Problem description: Exclude every picture and return the remaining entries below verbatim.

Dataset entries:
- - - - -

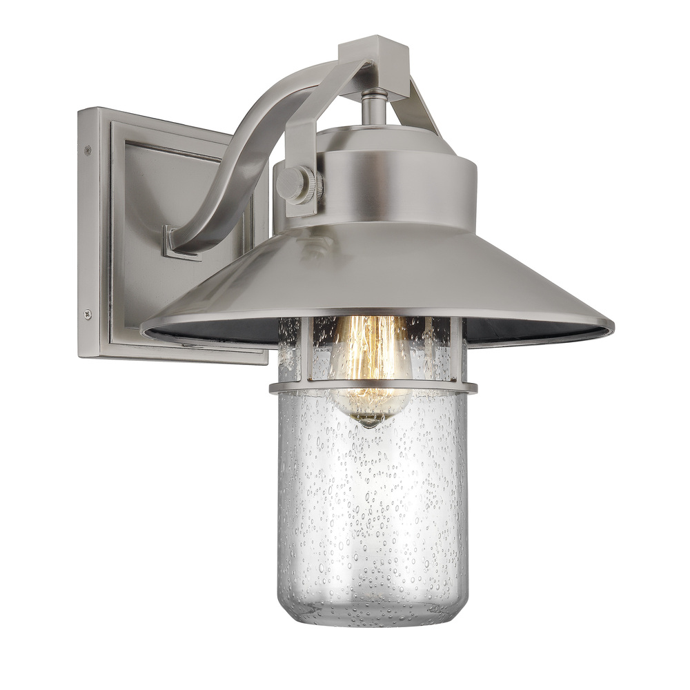 The Sean Lavin Boynton one-light outdoor pendant fixture in painted brushed steel creates a warm and inviting welcome presentation for your home's exterior. Taking inspiration from the industrial and nautical design and boasting a Painted Brushed Steel finish, the Boynton outdoor collection by Sean Lavin makes a style statement that is equally suited for indoors or out. Boynton has arm extension, like a shepherd's crook, and handle details that hold the fixture firmly in place. Constructed of a proprietary StoneStrong material for added strength, durability, and longevity, the collection offers a 5-year warranty.
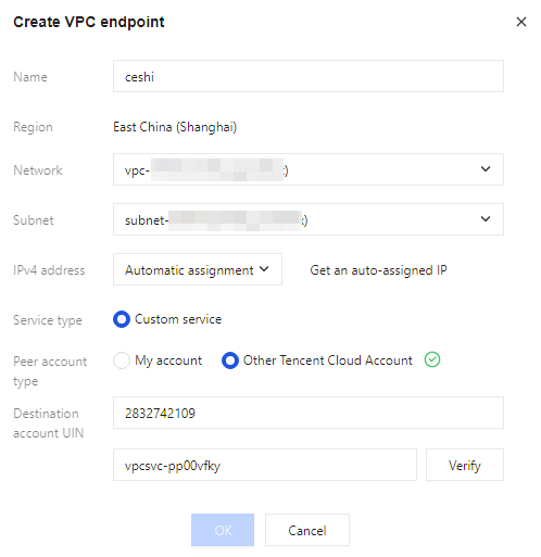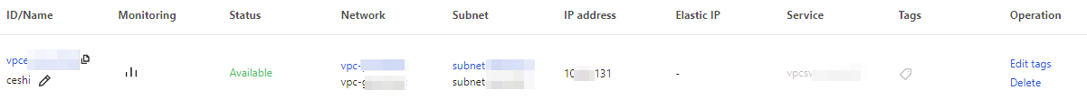 Using Endpoint Service will incur additional fees charged by the VPC product. For detailed billing descriptions and examples, see Billing Overview. Operation Steps
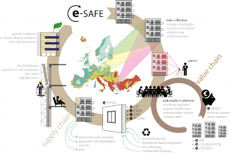 L’idea progettuale che sta alla base di e-SAFE è incentrata su un sistema innovativo per la riqualificazione combinata sismica, energetica ed architettonica degli edifici esistenti: tale sistema intende combinare obiettivi di risparmio energetico e di sicurezza antisismica, ma anche maggiore attrattività estetica e funzionale, comfort interno, tempi e costi di realizzazione ridotti, riduzione dei disagi ai residenti durante i lavori, soluzioni di finanziamento accessibili e modelli di business innovativi. Tutti questi fattori renderebbero il sistema proposto competitivo nel mercato europeo delle costruzioni, in vista del raggiungimento degli obiettivi climatici ed energetici a lungo termine.
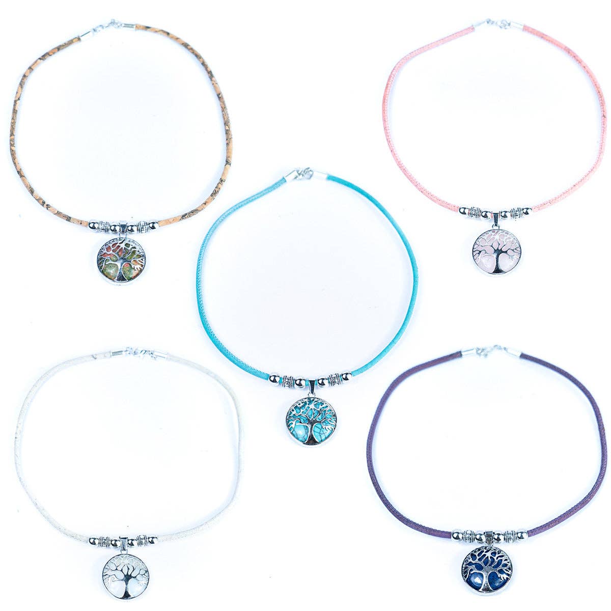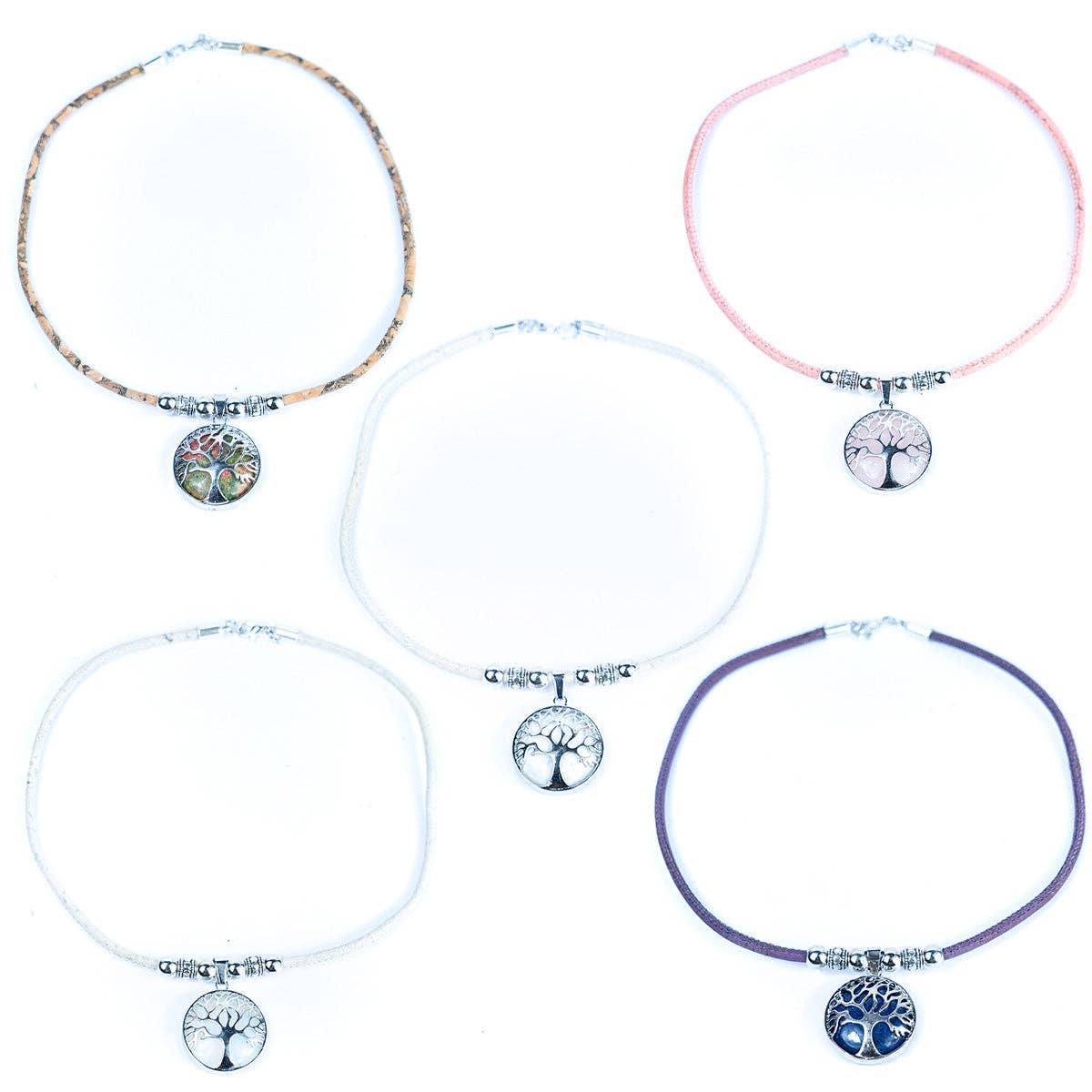 This handmade necklace is uniquely designed, based on natural or colored cork wire, with a beautiful tree-shaped pendant, symbolizing life and growth. The design of the necklace is simple and elegant, suitable for all occasions.
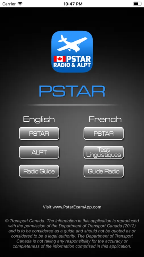 Before a student pilot in Canada can go for his/her first solo flight, the Transport Canada PSTAR (Pre-Solo Test about Air Regulations) exam has to be completed. It is an exam about Air Regulation. This app has all 189 questions in the database which are taken from the official Transport Canada Study Guide, TP11919. The PSTAR app will be updated on a regular basis to ensure the most current questions.

- - - - -

Reply to the task:
 The Sean Lavin Boynton one-light outdoor pendant fixture in painted brushed steel creates a warm and inviting welcome presentation for your home's exterior. Taking inspiration from the industrial and nautical design and boasting a Painted Brushed Steel finish, the Boynton outdoor collection by Sean Lavin makes a style statement that is equally suited for indoors or out. Boynton has arm extension, like a shepherd's crook, and handle details that hold the fixture firmly in place. Constructed of a proprietary StoneStrong material for added strength, durability, and longevity, the collection offers a 5-year warranty.
 Using Endpoint Service will incur additional fees charged by the VPC product. For detailed billing descriptions and examples, see Billing Overview. Operation Steps
 L’idea progettuale che sta alla base di e-SAFE è incentrata su un sistema innovativo per la riqualificazione combinata sismica, energetica ed architettonica degli edifici esistenti: tale sistema intende combinare obiettivi di risparmio energetico e di sicurezza antisismica, ma anche maggiore attrattività estetica e funzionale, comfort interno, tempi e costi di realizzazione ridotti, riduzione dei disagi ai residenti durante i lavori, soluzioni di finanziamento accessibili e modelli di business innovativi. Tutti questi fattori renderebbero il sistema proposto competitivo nel mercato europeo delle costruzioni, in vista del raggiungimento degli obiettivi climatici ed energetici a lungo termine.
 This handmade necklace is uniquely designed, based on natural or colored cork wire, with a beautiful tree-shaped pendant, symbolizing life and growth. The design of the necklace is simple and elegant, suitable for all occasions.
 Before a student pilot in Canada can go for his/her first solo flight, the Transport Canada PSTAR (Pre-Solo Test about Air Regulations) exam has to be completed. It is an exam about Air Regulation. This app has all 189 questions in the database which are taken from the official Transport Canada Study Guide, TP11919. The PSTAR app will be updated on a regular basis to ensure the most current questions.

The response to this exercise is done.